I have a dataset that looks like this:
data <- structure(list(Date = structure(c(-2208988800, -2208902400, -2208816000,
-2208729600, -2208643200, -2208556800, -2208470400, -2208384000,
-2208297600, -2208211200, -2208124800, -2208038400, -2207952000
), class = c("POSIXct", "POSIXt"), tzone = "UTC"), count = c(4668.8,
4476.9, 4945, 5275.7, 15013.1, 14418, 14059.1, 14043.5, 14142.2,
14904.2, 13849.9, 14712.1, 8793.9)), class = c("tbl_df", "tbl",
"data.frame"), row.names = c(NA, -13L))
| Date | count |
|---|---|
| 01-01-1900 | 4,668.80 |
| 02-01-1900 | 4,476.90 |
| 03-01-1900 | 4,945.00 |
| 04-01-1900 | 5,275.70 |
| 05-01-1900 | 15,013.10 |
| 06-01-1900 | 14,418.00 |
| 07-01-1900 | 14,059.10 |
| 08-01-1900 | 14,043.50 |
| 09-01-1900 | 14,142.20 |
| 10-01-1900 | 14,904.20 |
| 11-01-1900 | 13,849.90 |
| 12-01-1900 | 14,712.10 |
| 13-01-1900 | 8,793.90 |
I am trying to write a function that adds columns based on whether the previous cell is an outlier.

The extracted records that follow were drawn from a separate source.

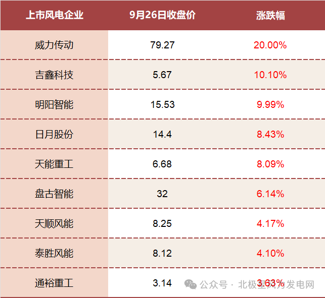 北极星风力发电网获悉:截至9月26日收盘,以风电设备板块为代表的上市企业股价出现大幅上涨,明阳智能、威力传动、吉鑫科技三家风电企业股票涨停,日月股份、天能重工、盘古智能、天顺风能等风电企业跟涨。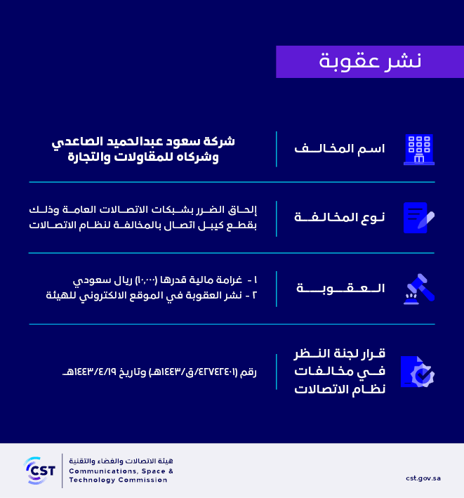 The Communications, Space and Technology Commission publishes the decision of the Committee for Reviewing Communications System Violations No. (42742401/Q/1443 AH) regarding (Saud Abdul Hameed Al-Saedi and Partners Company for Contracting and Trading) violating the communications system.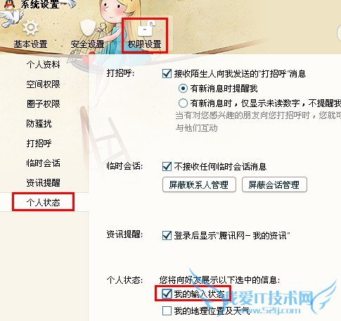 2、在弹出的页面中选择权限设置-个人状态,把我的输入状态前面的勾去掉就取消了。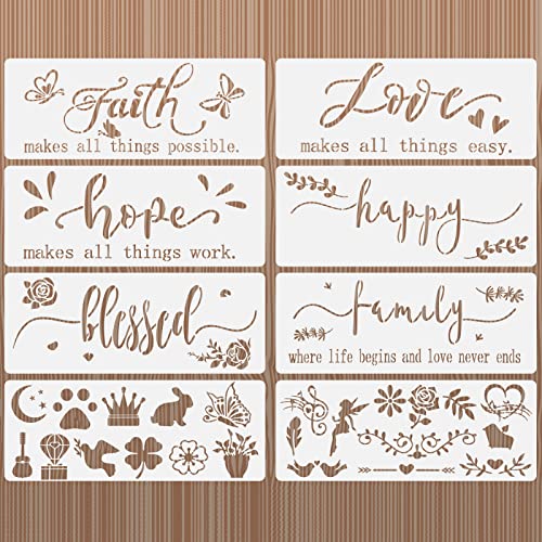 OOTSR 8 Pezzi Ispiratori di Parole Stencil di Pittura Stencil in Plastica Riutilizzabile Stencil Template per Dipingere su Legno Muro Decorazione da Parete Fai Da Te Scrapbooking

I am hoping for a dataset that looks like this:
| Date | count | Outlier_T1 | Outlier_T2 | Outlier_T3 | Outlier_T4 | Outlier_T5 | Outlier_T6 | Outlier_T7 | Outlier_T8 | Outlier_T9 | Outlier_T10 | Outlier_T11 | Outlier_T12 | Outlier_T13 |
|---|---|---|---|---|---|---|---|---|---|---|---|---|---|---|
| 01-01-1900 | 4,668.80 | 0 | 0 | 0 | 0 | 0 | 0 | 0 | 0 | 0 | 0 | 0 | 0 | 0 |
| 02-01-1900 | 4,476.90 | 0 | 0 | 0 | 0 | 0 | 0 | 0 | 0 | 0 | 0 | 0 | 0 | 0 |
| 03-01-1900 | 4,945.00 | 0 | 0 | 0 | 0 | 0 | 0 | 0 | 0 | 0 | 0 | 0 | 0 | 0 |
| 04-01-1900 | 5,275.70 | 0 | 0 | 0 | 0 | 0 | 0 | 0 | 0 | 0 | 0 | 0 | 0 | 0 |
| 05-01-1900 | 15,013.10 | 1 | ||||||||||||
| 06-01-1900 | 14,418.00 | 1 | ||||||||||||
| 07-01-1900 | 14,059.10 | 1 | ||||||||||||
| 08-01-1900 | 14,043.50 | 1 | ||||||||||||
| 09-01-1900 | 14,142.20 | 1 | ||||||||||||
| 10-01-1900 | 14,904.20 | 1 | ||||||||||||
| 11-01-1900 | 13,849.90 | 1 | ||||||||||||
| 12-01-1900 | 14,712.10 | 1 | ||||||||||||
| 13-01-1900 | 8,793.90 | 1 |
Until the fourth row, there aren't any outliers. But, the fifth row is an outlier, therefore outlier_t5 = 1. Now, that outlier_t5 equals 1, it is exempt from the analysis, therefore outlier_t5 = NA, but outlier_t6 = 1 (because the first four rows and the sixth row are part of the next outlier calculation) ... and so on.
I would really appreciate some help here.